D (i, j) = D_{k} (i, j) (8)

2.2. Sparse representation

The medical image fusion method consists of the following four parts: (1) Multi-scale dictionary learning to train sub-dictionaries on different scales of sub-images as training images. (2) Convolutional sparse coding of the dictionaries at different scales to find their convolutional sparse coefficients. (3) Low-frequency sub-band coefficient fusion rules for low-frequency sub-images are fused according to the set fusion rules. (4) High-frequency sub-band coefficient fusion rules fuse high-frequency sub-images at different scales.

2.2.1. Multi-scale dictionary learning

The source images A and B are firstly decomposed by l-level DCT to obtain their decomposition coefficients ${H_{A}^{l, k}, L_{A}}$ and ${H_{B}^{l, k}, L_{B}}$ , respectively.

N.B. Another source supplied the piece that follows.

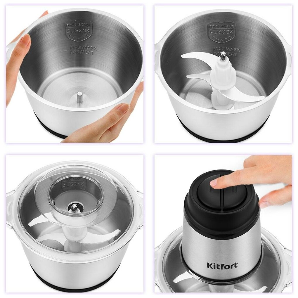 Измельчитель Kitfort КТ-3024, нержавеющая сталь, 350 Вт, 2 л, 2 скорости, сталь

Where, $H_{A}^{l, k}$ and $H_{B}^{l, k}$ denote the high-frequency sub-band coefficients of source images A and B at decomposition scale l and orientation k. L_A and L_B are the low-frequency sub-band coefficients of images A and B, respectively. The sub-band images of each scale are used as training images to train the corresponding convolutional sparse sub-dictionaries. The different convolutional sparse sub-dictionaries capture the features of the sub-images at different scales. Finally, the low-frequency and high-frequency sub-dictionaries are formed by combining the sub-dictionaries at different scales. The high-frequency first-scale images $H_{A}^{l, k}$ and $H_{B}^{l, k}$ of source images A and B are used as training images ${y_{m}}_{m = 1}^{M}$ , and the corresponding convolutional sparse dictionary learning models are built. The formula is as follows:

\underset{d, x}{\arg \min} \frac{1}{2} \sum_{m = 1}^{M} {‖ y_{m} - \sum_{k = 1}^{K} d_{k} \times x_{m, k} ‖}_{2}^{2} + λ \sum_{m = 1}^{M} \sum_{k = 1}^{K} {|| x_{m, k} ||}_{1} (9)

where, x_m,k is the sparse coefficient corresponding to the mth training image; d_k is the corresponding filter; * denotes the two-dimensional convolution operation; λ is the regularization parameter; and ||⋅||₁ denotes the l₁ parametric number, which represents the sum of the absolute values of the elements.

(1) Dictionary update phase. By keeping the sparse coefficients constant, each filter is optimally updated with the following equation:

\underset{d_{k}}{\arg \min} \frac{1}{2} \sum_{m = 1}^{M} {‖ y_{m} - \sum_{k = 1}^{K} d_{k} \times x_{m, k} ‖}_{2}^{2} (10)

To optimize the filter in the discrete Fourier domain, the filter d_k needs to be zero-filled to the same size as x_m,k. Taking into account the normalization of d_k with zero padding, the formula is as follows:

\underset{{d_{m}}, {g_{m}}}{\arg \min} \frac{1}{2} \sum_{k} {‖ \sum_{m} x_{m, k} \times d_{m} - s_{k} ‖}_{2}^{2} + \sum_{m} l_{C_{P N}} (g_{m}) (11)

The ADMM algorithm shows that C_PN = {x ∈ R^N:(I−PP^T)x = 0,||x||₂ = 1} represents the constraint range, the indicator function is defined as $l_{s} (X) = {\begin{matrix} 0 & if X \in S \\ \infty & if X \notin S \end{matrix}$ , and g_m is an auxiliary variable introduced to facilitate optimal derivation. The resulting updated convolution filter d_k can be obtained.

(2) Convolutional sparse coefficient update phase. Update the coefficients by keeping the filter unchanged:

\underset{x_{m, k}, z_{m, k}}{\arg \min} \frac{1}{2} \sum_{m = 1}^{M} {‖ y_{m} - \sum_{k = 1}^{K} d_{k} \times x_{m, k} ‖}_{2}^{2} + λ \sum_{m = 1}^{M} \sum_{k = 1}^{K} {|| z_{m, k} ||}_{1} (12)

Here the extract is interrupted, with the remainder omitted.